Pandas drop row with nan: Pandas provide several data structures and operations to manipulate data and time series. There might be instances in which some data can go missing and pandas use two values to denote the missing data namely None, NaN. You will come across what does None and Nan indicate. In this tutorial we will discuss the dropna() function, why is it necessary to remove rows which contain missing values or NaN, and different methods to drop rows with NaN or Missing values in any or selected column in the dataframe.
- dropna() function
- The Necessity to remove NaN or Missing values
- How to drop rows of Pandas DataFrame whose value in a certain column is NaN or a Missing Value?

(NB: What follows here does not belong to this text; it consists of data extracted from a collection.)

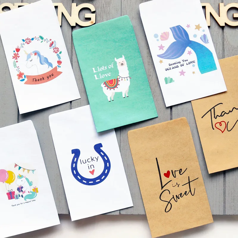 50 шт Мини крафт бумажные пакеты для подарков Единорог спасибо мале...
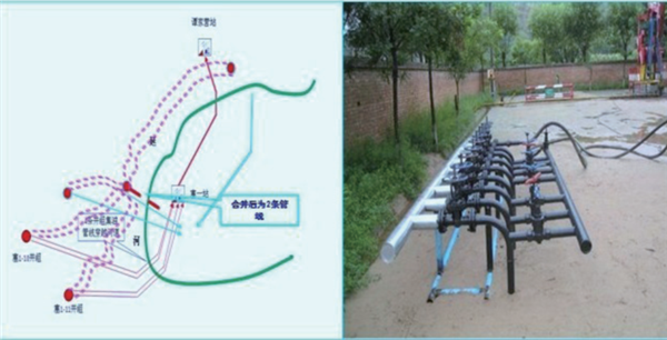 創(chuàng)新管道管理工藝。對(duì)位于安塞縣建華寺鎮(zhèn)的5處10條穿河管道進(jìn)行了重點(diǎn)治理。按照管道穿河治理原則,作業(yè)區(qū)對(duì)塞1-231等5個(gè)井組管線予以合并,將5條穿越河道的管道整合成1處,在塞1-231井組設(shè)立獨(dú)立的管道總機(jī)關(guān)進(jìn)行管理。通過(guò)實(shí)施合并管理工藝,將管道穿越河道的風(fēng)險(xiǎn)由以前的10條降低為2條,同時(shí)減少了10條老化管道。管線合并后,既不影響原油生產(chǎn),又消減了管道穿越河道的環(huán)保風(fēng)險(xiǎn)(如圖4所示)。
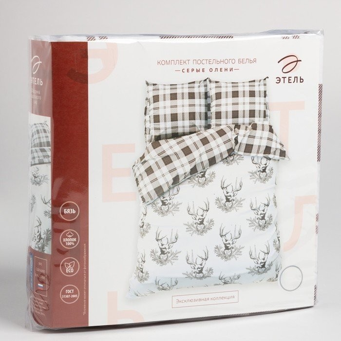 Постельное бельё Этель 2 сп «Серые олени» 175×215 см, 200×220 см, 70×70 см — 2 шт

- Method 1: Drop Rows with missing value / NaN in any column
- Method 2: Drop Rows in dataframe which has all values as NaN
- Method 3: Drop Rows with any missing value in selected columns only
- Method 4: Drop Rows with missing values or NaN in all the selected columns
dropna() function
Pandas drop nan column: The dropna() function is used to analyze and drop rows or columns having NaN or missing values in different ways.
syntax: DataFrameName.dropna(axis, how, thresh, subset, inplace)
Parameters:
1) axis: If the axis is 0 rows with missing or NaN values will be dropped else if axis=1 columns with NaN or missing values will be dropped.
2) how: how to take a string as a parameter ‘any’ or ‘all’. ‘any’ is used if any NaN value is present otherwise ‘all’ is used if all values are NaN.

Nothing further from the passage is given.